MacKenna: Tratado 28,1 (IV,4,1) — A memória em sua relação à união da alma e do corpo (1)

1. What, then, will be the Soul’s discourse, what its memories in the Intellectual Realm, when at last it has won its way to that Essence?

Obviously from what we have been saying, it will be in contemplation of that order, and have its Act upon the things among which it now is; failing such Contemplation and Act, its being is not there. Of things of earth it will know nothing; it will not, for example, remember an act of philosophic virtue, or even that in its earthly career it had contemplation of the Supreme.

When we seize anything in the direct intellectual act there is room for nothing else than to know and to contemplate the object; and in the knowing there is not included any previous knowledge; all such assertion of stage and progress belongs to the lower and is a sign of the altered; this means that, once purely in the Intellectual, no one of us can have any memory of our experience here. Further; if all intellection is timeless – as appears from the fact that the Intellectual beings are of eternity not of time – there can be no memory in the intellectual world, not merely none of earthly things but none whatever: all is presence There; for nothing passes away, there is no change from old to new.
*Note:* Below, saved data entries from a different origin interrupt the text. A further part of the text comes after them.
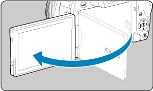 - Če je na terminal fotoaparata priključen kabel, je kot za vrtenje navzven obrnjenega zaslona omejen.
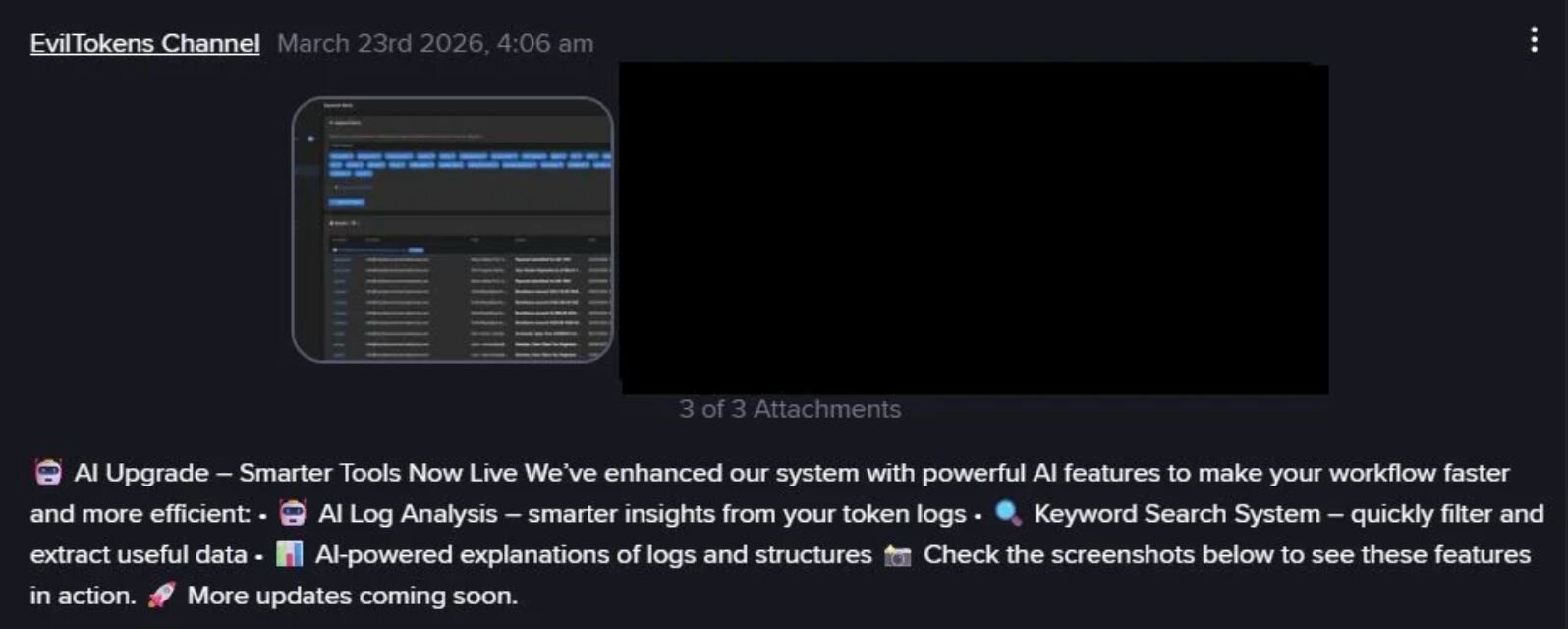 Figure 4: EvilTokens product update with announcement of integrated AI tooling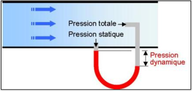 La pression totale c'est la somme de la pression statique et de la pression dynamique.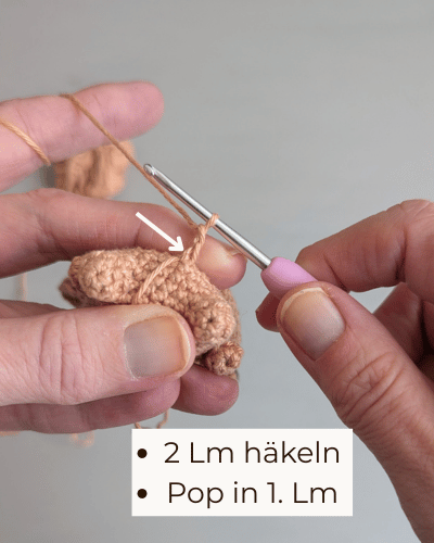 Kette am Rücken unten mittig zwischen zwei Maschen mit Hellbraun neu an. Häkle zwei Lm. In die 1. Lm häkelst du jetzt eine Popcornmasche aus 4 halben Stäbchen. Faden abschneiden und abketten.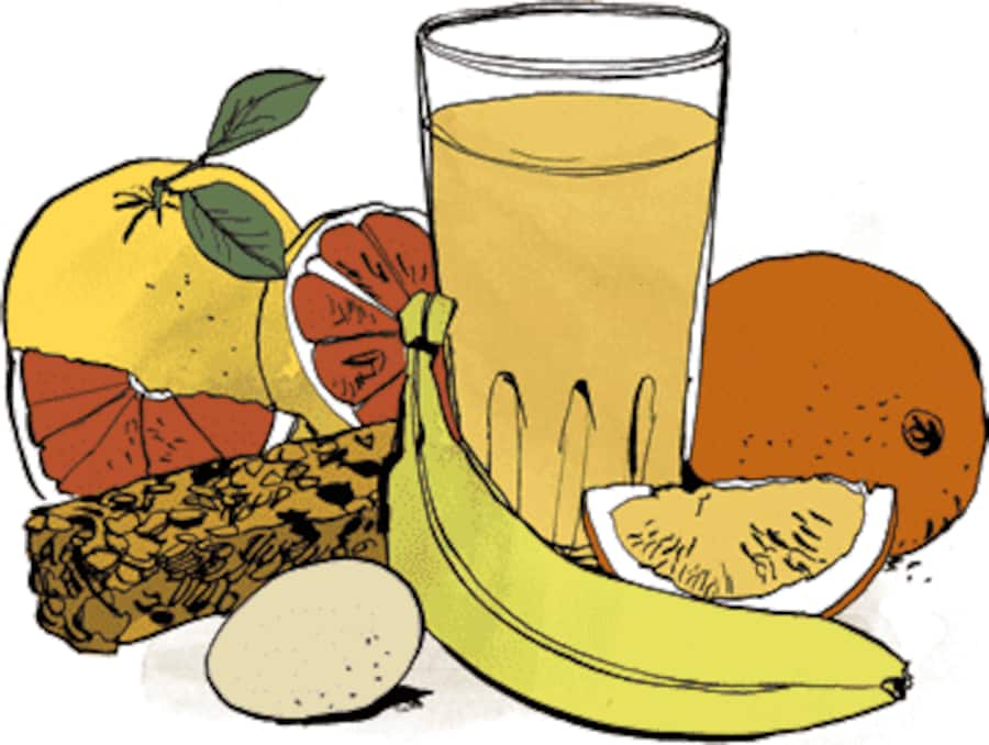 Nach dem Sport ist es gut, eine Kleinigkeit zu essen, auch wenn man kein grosses Hungergefühl verspürt. Ideal ist eine Banane, ein hartes Ei, ein Riegel oder ein Fruchtsaft.
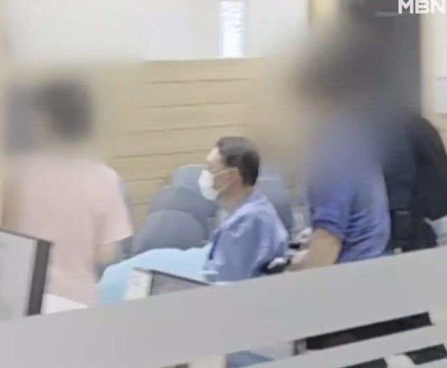 지난 14일 오전 경기 안양시 한림대병원을 찾은 윤석열 전 대통령의 모습이 MBN에 포착됐다. 휠체어를 탄 윤 전 대통령은 마스크와 미결 수용복으로 추정되는 파란 옷을 입은 채 다리에 담요를 덮고 있는 모습이다 (사진=MBN 뉴스 영상 캡처)

This, however, does not alter the fact that distinction exists in that realm – downwards from the Supreme to the Ideas, upward from the Ideas to the Universal and to the Supreme. Admitting that the Highest, as a self-contained unity, has no outgoing effect, that does not prevent the soul which has attained to the Supreme from exerting its own characteristic Act: it certainly may have the intuition, not by stages and parts, of that Being which is without stage and part.

But that would be in the nature of grasping a pure unity?
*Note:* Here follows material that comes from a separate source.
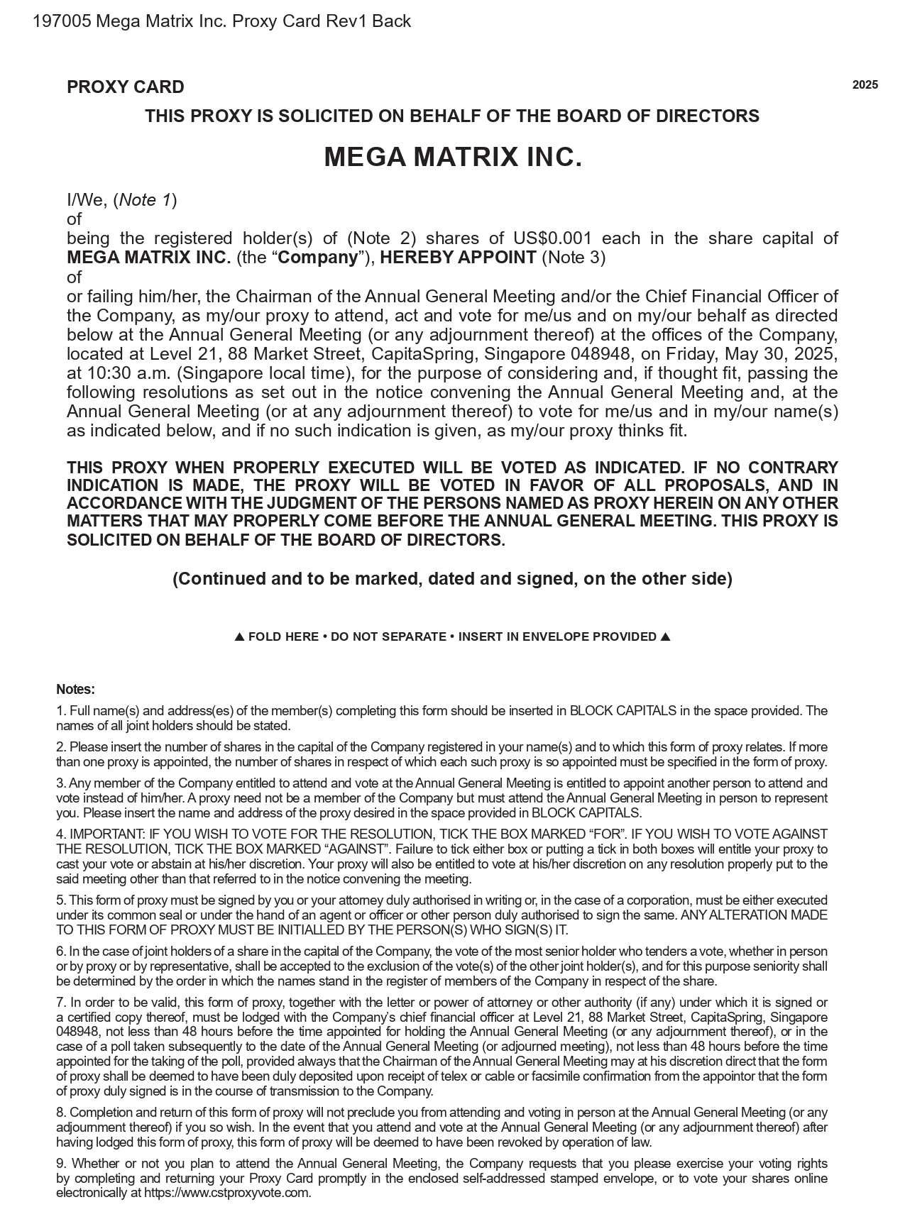2025 197005 Mega Matrix Inc. Proxy Card Rev1 Back PROXY CARD THIS PROXY IS SOLICITED ON BEHALF OF THE BOARD OF DIRECTORS MEGA MATRIX INC. I/We, ( Note 1 ) of being the registered holder(s) of (Note 2) shares of US$0.001 each in the share capital of MEGA MATRIX INC. (the “ Company ”), HEREBY APPOINT (Note 3) of or failing him/her, the Chairman of the Annual General Meeting and/or the Chief Financial Officer of the Company, as my/our proxy to attend, act and vote for me/us and on my/our behalf as directed below at the Annual General Meeting (or any adjournment thereof) at the offices of the Company, located at Level 21 , 88 Market Street, CapitaSpring, Singapore 048948 , on Friday, May 30 , 2025 , at 10 : 30 a . m . (Singapore local time), for the purpose of considering and, if thought fit, passing the following resolutions as set out in the notice convening the Annual General Meeting and, at the Annual General Meeting (or at any adjournment thereof) to vote for me/us and in my/our name(s) as indicated below, and if no such indication is given, as my/our proxy thinks fit . THIS PROXY WHEN PROPERLY EXECUTED WILL BE VOTED AS INDICATED . IF NO CONTRARY INDICATION IS MADE, THE PROXY WILL BE VOTED IN FAVOR OF ALL PROPOSALS, AND IN ACCORDANCE WITH THE JUDGMENT OF THE PERSONS NAMED AS PROXY HEREIN ON ANY OTHER MATTERS THAT MAY PROPERLY COME BEFORE THE ANNUAL GENERAL MEETING . THIS PROXY IS SOLICITED ON BEHALF OF THE BOARD OF DIRECTORS . (Continued and to be marked, dated and signed, on the other side) FOLD HERE • DO NOT SEPARATE • INSERT IN ENVELOPE PROVIDED Notes: 1. Full name(s) and address(es) of the member(s) completing this form should be inserted in BLOCK CAPITALS in the space provided . The names of all joint holders should be stated . 2. Please insert the number of shares in the capital of the Company registered in your name(s) and to which this form of proxy relates . If more than one proxy is appointed, the number of shares in respect of which each such proxy is so appointed must be specified in the form of proxy . 3. An y membe r o f th e Compan y entitle d t o atten d an d vot e a t th e Annua l Genera l Meetin g i s entitle d t o appoin t anothe r perso n t o atten d and vot e instea d o f him/he r . A prox y nee d no t b e a membe r o f th e Compan y bu t mus t atten d th e Annua l Genera l Meetin g i n perso n t o represent you . Pleas e inser t th e nam e an d addres s o f th e prox y desire d i n th e spac e provide d i n BLOC K CAPI T ALS . 4. IMPORTANT : IF YOU WISH TO VOTE FOR THE RESOLUTION, TICK THE BOX MARKED “FOR” . IF YOU WISH TO VOTE AGAINST THE RESOLUTION, TICK THE BOX MARKED “AGAINST” . Failure to tick either box or putting a tick in both boxes will entitle your proxy to cast your vote or abstain at his/her discretion . Your proxy will also be entitled to vote at his/her discretion on any resolution properly put to the said meeting other than that referred to in the notice convening the meeting . 5. Thi s for m o f prox y mus t b e signe d b y yo u o r you r attorne y dul y authorise d i n writin g o r , i n th e cas e o f a corporation , mus t b e eithe r executed unde r it s commo n sea l o r unde r th e han d o f a n agen t o r officer o r othe r perso n dul y authorise d t o sig n th e same . AN Y ALTERATION MADE TO THI S FORM OF PROX Y MUST B E INITIALLE D B Y TH E PERSON(S ) WHO SIGN(S ) IT . 6. I n th e cas e o f join t holder s o f a shar e i n th e capita l o f th e Compan y , th e vot e o f th e mos t senio r holde r wh o tender s a vote , whethe r i n person o r b y prox y o r b y representative , shal l b e accepte d t o th e exclusio n o f th e vote(s ) o f th e othe r join t holder(s) , an d fo r thi s purpos e seniorit y shall b e determine d b y th e orde r i n whic h th e name s stan d i n th e registe r o f member s o f th e Compan y i n respec t o f th e share . 7. In order to be valid, this form of proxy, together with the letter or power of attorney or other authority (if any) under which it is signed or a certified copy thereof, must be lodged with the Company’s chief financial officer at Level 21 , 88 Market Street, CapitaSpring, Singapore 048948 , not less than 48 hours before the time appointed for holding the Annual General Meeting (or any adjournment thereof), or in the case of a poll taken subsequently to the date of the Annual General Meeting (or adjourned meeting), not less than 48 hours before the time appointed for the taking of the poll, provided always that the Chairman of the Annual General Meeting may at his discretion direct that the form of proxy shall be deemed to have been duly deposited upon receipt of telex or cable or facsimile confirmation from the appointor that the form of proxy duly signed is in the course of transmission to the Company . 8. Completion and return of this form of proxy will not preclude you from attending and voting in person at the Annual General Meeting (or any adjournment thereof) if you so wish . In the event that you attend and vote at the Annual General Meeting (or any adjournment thereof) after having lodged this form of proxy, this form of proxy will be deemed to have been revoked by operation of law . 9. Whether or not you plan to attend the Annual General Meeting, the Company requests that you please exercise your voting rights by completing and returning your Proxy Card promptly in the enclosed self - addressed stamped envelope, or to vote your shares online electronically at https : //www . cstproxyvote . com .

No: in the nature of grasping all the intellectual facts of a many that constitutes a unity. For since the object of vision has variety [distinction within its essential oneness] the intuition must be multiple and the intuitions various, just as in a face we see at the one glance eyes and nose and all the rest.

But is not this impossible when the object to be thus divided and treated as a thing of grades, is a pure unity?

No: there has already been discrimination within the Intellectual-Principle; the Act of the soul is little more than a reading of this.

First and last is in the Ideas not a matter of time, and so does not bring time into the soul’s intuition of earlier and later among them. There is a grading by order as well: the ordered disposition of some growing thing begins with root and reaches to topmost point, but, to one seeing the plant as a whole, there is no other first and last than simply that of the order.

Still, the soul [in this intuition within the divine] looks to what is a unity; next it entertains multiplicity, all that is: how explain this grasping first of the unity and later of the rest?

The explanation is that the unity of this power [the Supreme] is such as to allow of its being multiple to another principle [the soul], to which it is all things and therefore does not present itself as one indivisible object of intuition: its activities do not [like its essence] fall under the rule of unity; they are for ever multiple in virtue of that abiding power, and in their outgoing they actually become all things.

For with the Intellectual or Supreme – considered as distinct from the One – there is already the power of harbouring that Principle of Multiplicity, the source of things not previously existent in its superior.